Meg looked out the window as the house loomed closer, a huge four-storey mansion in mellow stone that was bigger than the whole building she lived in, and that housed eight flats.
‘Yes,’ she confirmed heavily. ‘Look,’ she continued irritably as his silence seemed brooding, ‘my mother was a Winston before she married my father. The Winstons had the manor here for generations, the village is named for them, then they built this house a couple of hundred years ago.’ She was babbling again, she knew she was, but Jed’s silence made her feel uncomfortable. ‘My mother was an only child, and so when her parents died she inherited.’

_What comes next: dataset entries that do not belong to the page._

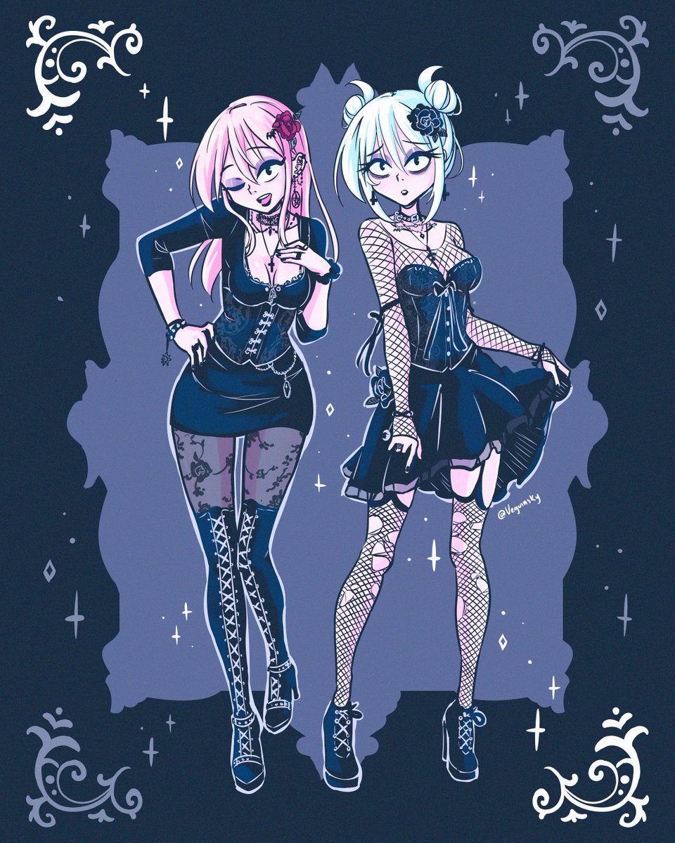 Today is #worldgothday 🖤 So Dina and María dress for the occasion, I really enjoy drawing all the details of the clothes. I hope you like it! I made an alternate version of lingerie for patreon ✨ #digitalart #gothicgirl #lanochedewalpurgis #webtoon #oc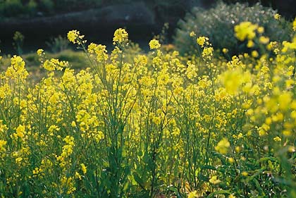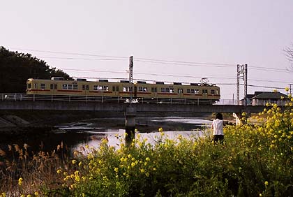 ![]() 線路沿いに歩いて行くと、菜の花が咲き誇る川を見つけた。この鮮やかな黄色を宮地岳線と絡めて撮ろうと試行錯誤したけれども、結果はいまいち。 右の写真に写っている方は、私と同じく宮地岳線を撮りに来られた模様。 |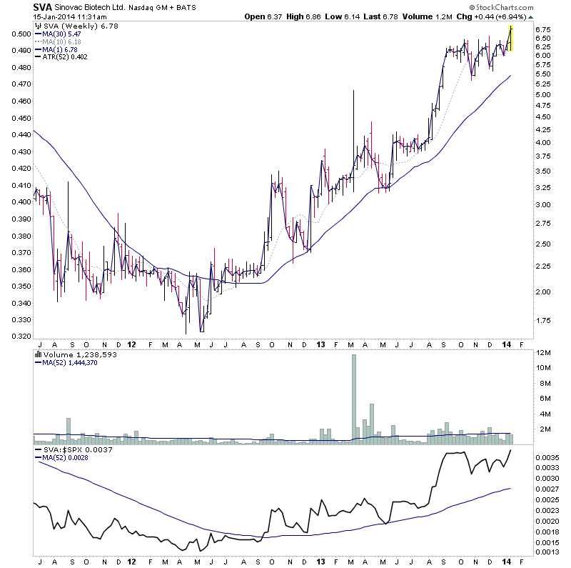 SVA is attempting to make a intraday Stage 2 continuation move on strong relative volume and strong RS. Attached is the charts.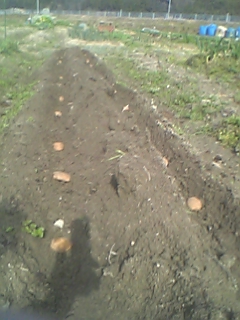 やっと、ジャガイモを植えました。週末の天気が悪くて長引いていましたが、今日は上着なんて全く必要ないくらいの汗ばむ陽気になりました。キタアカリとメークインを1kgずつです。1畝を半分ずつ使って植えました。去年は借り始めたときにはすでに植えてもらってたので収穫だけした形ですが、今年は土作りから植え付けも自分達で出来たので収穫も今からとっても楽しみです。堆肥も腐葉土も化成肥料もしっかり撒いたので去年みたいに肥料不足で成長が遅れることもないでしょう。畑の土手には土筆が出てました。春本番ですね!

‘Was it lonely living out here so far away from the rest of the village?’ Jed frowned as he looked round at the bleak, unpopulated landscape.
‘Yes,’ she confirmed huskily, ‘apart from Sonia, it was very lonely.’ Once again this man had surprised her with his perception.
Because he had guessed perfectly last night when he’d talked of the older and younger twin, and now, instead of envying her this obviously privileged background, he was commenting on how lonely it must have been.
She blinked back the sudden tears caused by his understanding of the situation. ‘Wasn’t it lonely on your parents’ farm?’
‘With two younger brothers and too many cousins to count?’ He snorted dismissively.
It sounded wonderful to Meg, the sort of childhood she would have wished for Scott but knew he would never have.
Jed was still scowling as he brought the Range Rover to a halt in front of the house. ‘No wonder you decided not to come back here to bring Scott up.’
Meg gave a brief, humourless laugh. ‘Believe me, it was never an option.’ Her mother barely managed to remember Scott’s birthday, and when she did the gift was usually a cheque pushed inside his card, very useful to a child of three.
Jed’s mouth tightened. ‘I don’t think I’m going to like your mother very much.’
She wasn’t sure her mother was going to like him, either. There was only room for one bluntly autocratic person in the Hamilton household, and her mother was definitely it.